On the way to work, John would like to listen Bach's cello suite. He has left the CD at home, so uses his PDA in the car to ask his grid broker to find music service that can play Suite No 1. Within seconds the music starts and John forgets about the traffic jam he is in. At work, John leads a meteorological research project that involves the use of many remote sensors and demanding computations. He instructs the grid broker from his workstation to start collecting data and using computational resources from different parts of the world, he specified in his preferences, perform the experiment and send data to the visualisation room. In the afternoon he holds a meeting where he retrieves the stored data from the grid using the grid broker and displays it on the active board. After a long day at work he decides to have a dinner with his wife and friends. The grid broker (based on John's preferences) quickly locates a new French restaurant and John, using his PDA again, books a table for four.

One could question whether this is a grid or not. We believe that service-based systems should be viewed as grids, since a data source Ž processing Ž visualisation computational grid pipeline is similar to a media database Ž processing Ž video display one. Any service-based system would just as well perform processing, store and retrieve data, use specific application-dependent hardware elements, and coordinate and share resources in order to perform its task.

Choosing a user-centred design approach, we concentrate on usability requirements first. From the sample scenario the following usability requirements can be derived.

- Universal access - Users should be able to access grid services from any type of device (from supercomputers down to mobile phones). They should also be able to discover previously unknown services.

- No administration - Users should not install software in order to use a service. Every grid service should provide its user interface dynamically on an on-demand basis to the user taking both device (e.g. screen size, media capabilities, etc.) and user characteristics (e.g. type of disability, personal preferences) into consideration. The interface will be downloaded from the service.

- Helper services - Users should be able to use special helper (broker) services that off-load work from them and carries out tasks (e.g. finding music service, setting up connection between sensors and computers) on their behalf.

- Security - Users data, programs and execution activities should be protected from stealing, modification and unauthorised monitoring as well as from dishonest services.

- Performance - Users will require constant availability of the required services (providing they or a substitute service does exist) regardless of time and location.

From the service providers point of view these requirements translate to the followings:

- Universal access - Services should be accessible to users of any device having any disability.

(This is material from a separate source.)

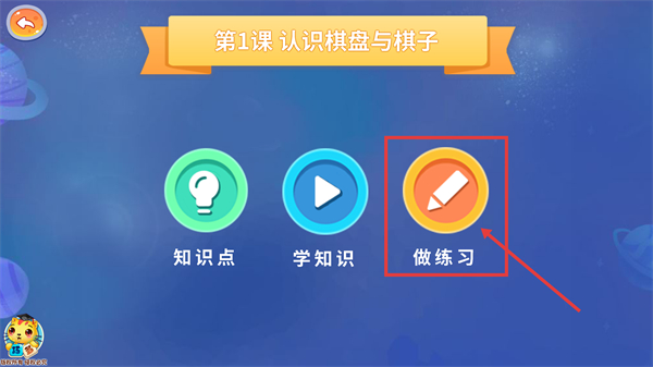 2、进入【第1课-认识棋盘与棋子】页面,点击【做练习】按钮,即可进入该课对应的练习题目环节,开始练习操作。

The behaviour of the service should not be altered by the particular device and interface used.

- No administration - Services should be able to change their implementation whenever they choose without causing disruption to end-users. Services should be able to join and leave the grid at their own will without causing disruption in the rest of the grid system.

- Helper services - Services should be able to cooperate with helper and other services to carry out tasks as a team. Service providers will need to offer a variety of payment schemes, hence be able to co-operate with third party payment service providers.

- Security - Services (their data, programs and execution activities) should be protected from stealing, modification and unauthorised monitoring, as well as from dishonest clients and their attacks.

- Performance - Services should operate providing maximum availability regardless of time and location.

The most fundamental differences in this model when compared to the resource-oriented grids are the followings. It is expected that services will be found and used by other programs unlike before where the system returned a list of resources for manual user selection. Services will be used on-demand with interfaces downloaded from service providers. Services will not be free; hence, online payment mechanisms are essential. Hardware as well service implementations will change over time. The system will have to live together with changes and survive changes as well as system failures.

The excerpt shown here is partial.